A fundamental investigation into large strain recovery of one-way shape memory alloy wires embedded in flexible polyurethanes

Abstract

Shape memory alloys (SMAs) are being embedded in or externally attached to smart structures because of the large amount of actuation deformation and force that these materials are capable of producing when they are heated. Previous investigations have focused primarily on using single or opposing SMA wires exhibiting the two-way shape memory effect (SME) because of the simplicity with which the repeatable actuation behavior of the structure can be predicted. This repeatable actuation behavior is achieved at the expense of reduced levels of recoverable deformation. Alternatively, many potential smart structure applications will employ multiple SMA wires exhibiting a permanent one-way SME to simplify fabrication and increase the recoverable strains in the structure.

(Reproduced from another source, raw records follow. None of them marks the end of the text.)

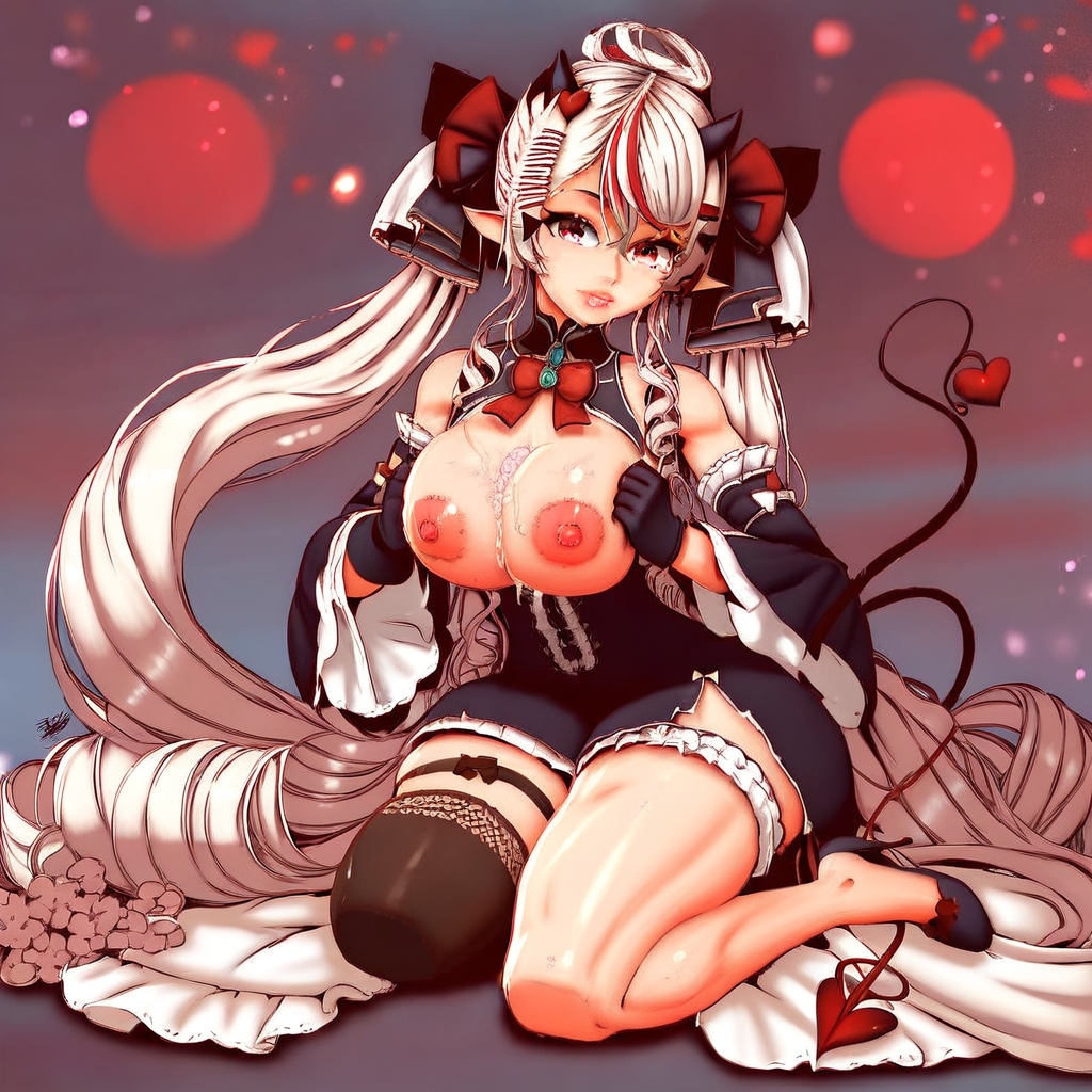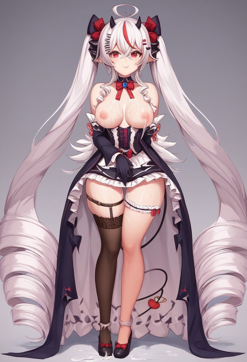 (VTuber_레미리아, 긴 머리, 다색 머리, 줄무늬 머리, 빨간 머리, 하얀 머리, 빨간 눈, 뾰족한 귀, 뿔, 악마 꼬리, 머리 장신구, 드레스, 활, 분리형 소매, 장갑, 허벅지 스트랩, 한쪽 허벅지 스타킹, 하이힐)
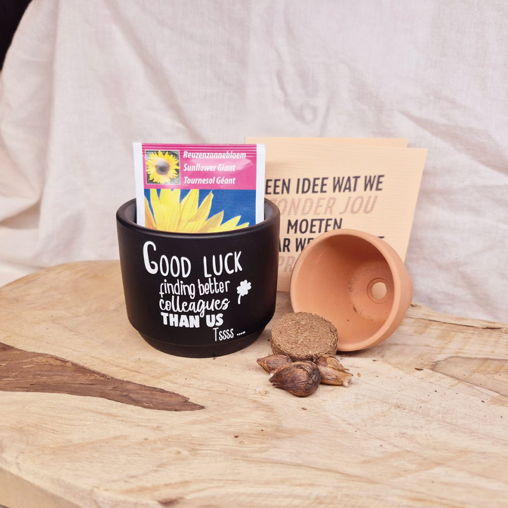Cadeau afscheid collega ‘Good Luck’ is één van onze gave producten om jouw lieve collega iets mee te geven als aandenken van jullie of jou als collega’s. Natuurlijk gaat hij of zij nooit meer van die geweldige collega’s zoals jullie vinden! Het cadeau afscheid collega ‘Good Luck” bestaat uit een bloempotje met de tekst:’Good luck finding better colleagues than us’ met een aantal bloembolletjes van klavertjes vier. Naast de klavertjes vier doen we er ook een zakje zonnebloementjes bij om de zon een beetje te laten schijnen naast het geluk!
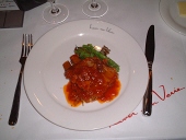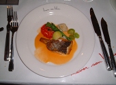 鮮スズキのポアレ、クルスタセの軽いソース春野菜添え
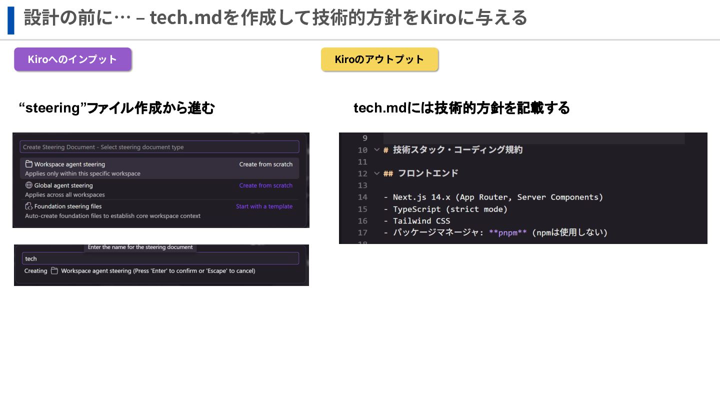 設計の前に… ‒ tech.mdを作成して技術的⽅針をKiroに与える Kiroへのインプット Kiroのアウトプット “steering”ファイル作成から進む tech.mdには技術的方針を記載する

To employ the one-way wires, it is necessary to investigate how they affect the recovery of large strains when they are embedded in a structure. In this investigation, the large strain recovery of a one-way SMA wire embedded in a flexible polyurethane is characterized using the novel deformation measurement technique known as digital image correlation. These results are compared with a simple actuation model and a three-dimensional finite element analysis of the structure using the Brinson model for describing the thermomechanical behavior of the SMA. Results indicate that the level of actuation strain in the structure is substantially reduced by the inelastic behavior of the one-way SMA wires, and there are significant differences between the deformations of the matrix material adjacent to the SMA wires and in the region surrounding it. The transformation behavior of the SMA wires was also determined to be volume preserving, which had a significant effect on the transverse strain fields.